Recorded information:
══════════════════════════════

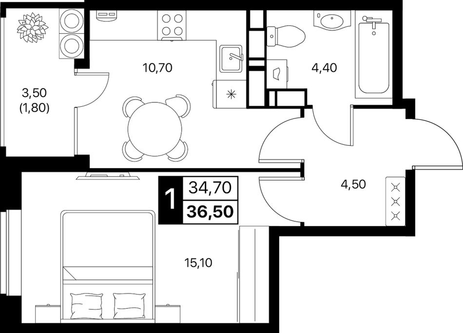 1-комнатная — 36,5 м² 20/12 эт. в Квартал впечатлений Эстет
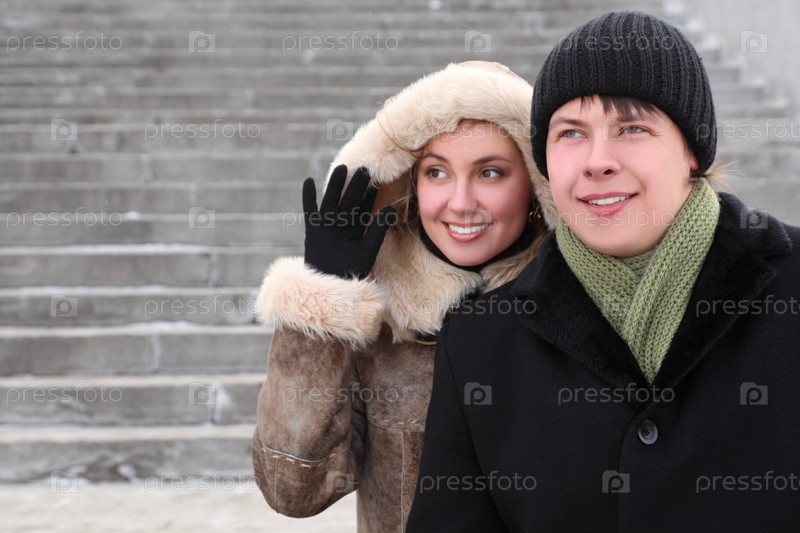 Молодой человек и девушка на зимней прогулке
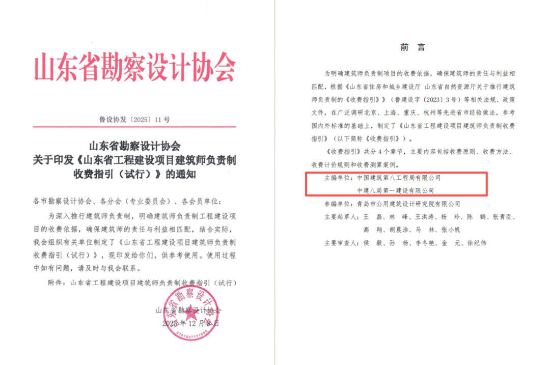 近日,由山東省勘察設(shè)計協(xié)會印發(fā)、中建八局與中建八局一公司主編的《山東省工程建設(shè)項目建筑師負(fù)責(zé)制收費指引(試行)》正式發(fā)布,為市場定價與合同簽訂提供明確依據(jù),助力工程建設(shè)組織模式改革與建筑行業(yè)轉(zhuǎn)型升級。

══════════════════════════════

What to produce:
Copy exactly what appears from the line holding "Молодой человек и девушка на зимней прогулке" to the end of the material, keeping both end lines. Pictures are not part of the copy.

Exercise result:
 Молодой человек и девушка на зимней прогулке
 近日,由山東省勘察設(shè)計協(xié)會印發(fā)、中建八局與中建八局一公司主編的《山東省工程建設(shè)項目建筑師負(fù)責(zé)制收費指引(試行)》正式發(fā)布,為市場定價與合同簽訂提供明確依據(jù),助力工程建設(shè)組織模式改革與建筑行業(yè)轉(zhuǎn)型升級。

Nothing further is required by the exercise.